ExxonMobil, which is expanding its low-carbon business, said Thursday that it will pay $4.9 billion to acquire Denbury Inc., a leader in improved oil recovery and carbon sequestration.
In the industrially prosperous areas of the southern states of Texas, Louisiana, and Mississippi, where oil firms are planning significant carbon sequestration projects in response to climate change, ExxonMobil now has access to Denbury’s carbon dioxide pipeline network through the all-stock acquisition.
The transaction should be completed in the fourth quarter.
“Acquiring Denbury reflects our determination to profitably grow our Low Carbon Solutions business by serving a range of hard-to-decarbonize industries with a comprehensive carbon capture and sequestration offering,” said Darren Woods, chief executive of ExxonMobil.
Carbon sequestration has been promoted by the oil industry as a key countermeasure to climate change.

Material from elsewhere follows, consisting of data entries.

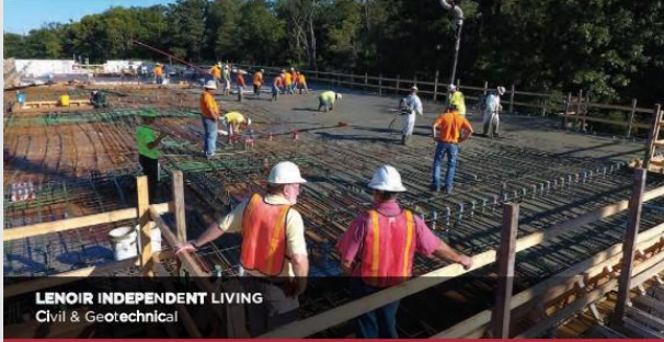
LENOIR INDEPENDENT LIVING Civil & Geotechnical
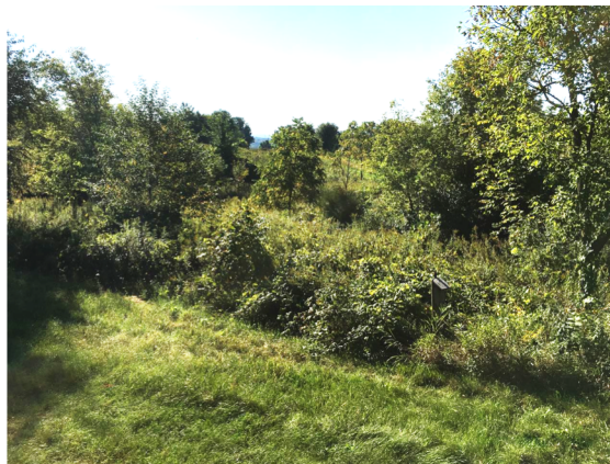
River Heights Park, Inver Grove Heights – FMR will establish native prairie and pollinator plantings, and remove invasive and non-native plants such as the invasive shrubs pictured here.

All sites are within the Mississippi National River and Recreation Area corridor.
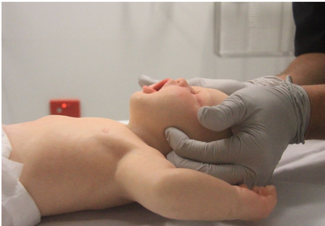
Figure 3: Jaw thrust in an infant
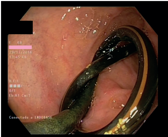
Fig. 2. Duodenal probe tying.
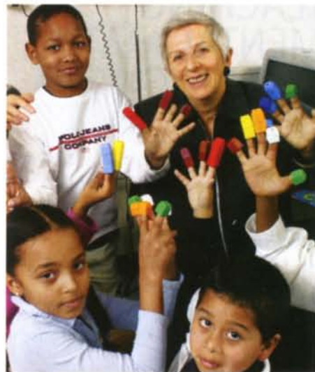
LEFT: I begin the read aloud by asking the children to judge the book by its cover.

Lastly, I gave the children an independent assignment. Each child chose one of the number sentences from the chart, copied it, and illustrated it. “You can draw ducklings or any other shapes,” I told them. The result: artful number sentences from ducks to diamonds! Children ready to take on an additional challenge also wrote and illustrated their own equations, with combinations of more than two numbers that added up to seven.
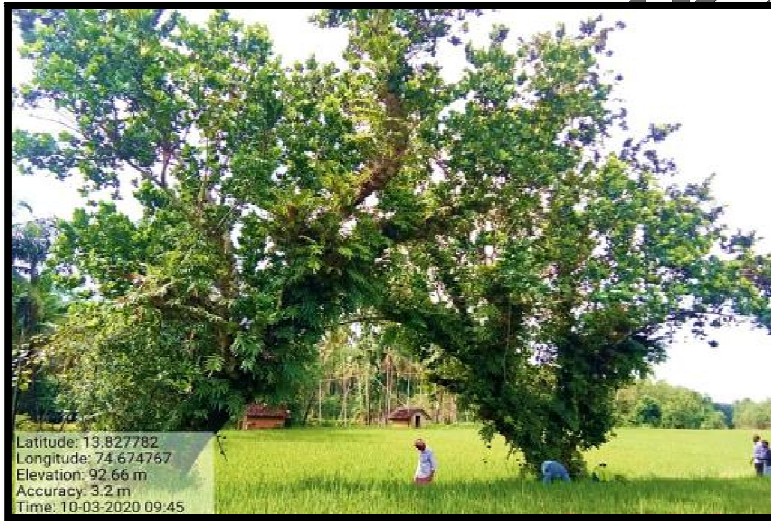
Kapsi - Udupi
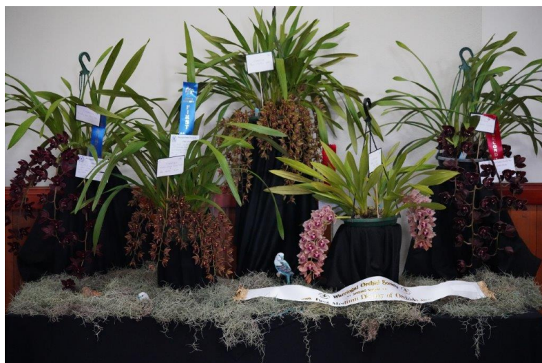
Best Medium Display of Orchids F&J Spiteri
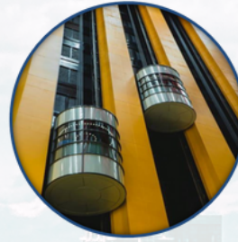
VERTICAL TRANSPORTATION CUSTOMIZE & INSTALL
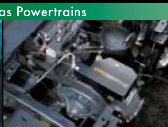
1200G 11 hp Powertrain
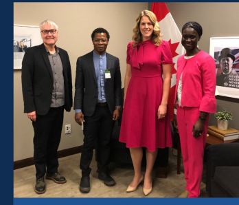
Federation of Francophone and Acadian Communities of Canada
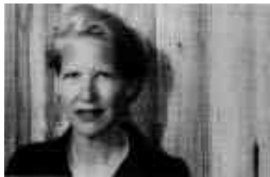
Poet, essayist and novelist Annie Dillard received a Literature Program Fellowship in 1981.

After the inauguration of President Ronald Reagan, the White House Conference on Aging is held on February 1–3, 1981. The Endowment sponsors a symposium focusing on the demand for and character of arts and humanities programs for older Americans.
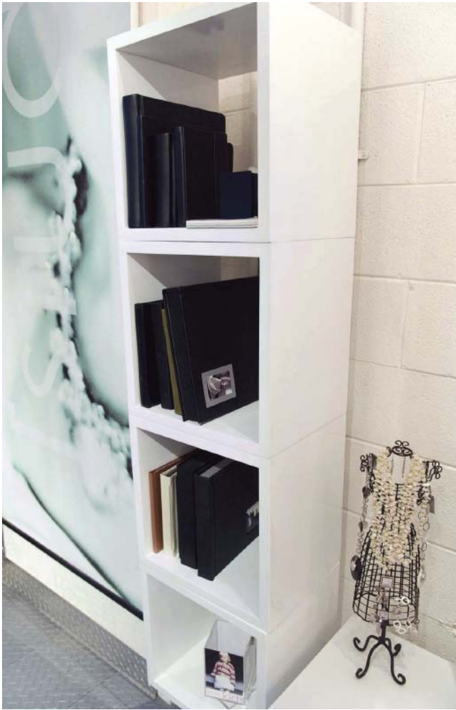
People are more inclined to buy things they can see and touch. So if you want to sell albums, make sure you have a selection of them displayed attractively.

things they can see around the room. Anything that you want to sell should be on display in your showroom—and nothing smaller than a 16x20-inch print should be visible. If they want to see what one of those big ol' 8x10s looks like, you can direct them to an album. People are more inclined to purchase items that they can see and touch than products that they are only told about. So make sure you display the products and sizes that you want to sell. Wall collections, digital composites, wall folios, family lifestyle albums—whatever products generate good profits for you and give them a memory they can cherish.

In order to remove the heat-trapping gases from the atmosphere, the method entails capturing carbon dioxide released during industrial activity and transporting it via pipes to locations where it is buried below.
Through the enhanced oil recovery method, which involves injecting carbon dioxide gas into partially produced petroleum reservoirs in order to coax out more hydrocarbons, Denbury also produces oil and natural gas.
In comparison to ExxonMobil’s 3.8 million barrels per day, Denbury produced just roughly 48,000 barrels of oil equivalent per day in the first quarter of 2023.
Oil and gas production at Denbury is “not a strategic asset for us,” according to Woods in an interview with CNBC.
The assets and expertise in storing carbon dioxide, utilizing the infrastructure and pipeline system in this highly industrial corridor, are truly what give the sale its worth.
Early trading saw shares of Denbury drop 0.3 percent to $87.53, while ExxonMobil declined 1% to $105.44.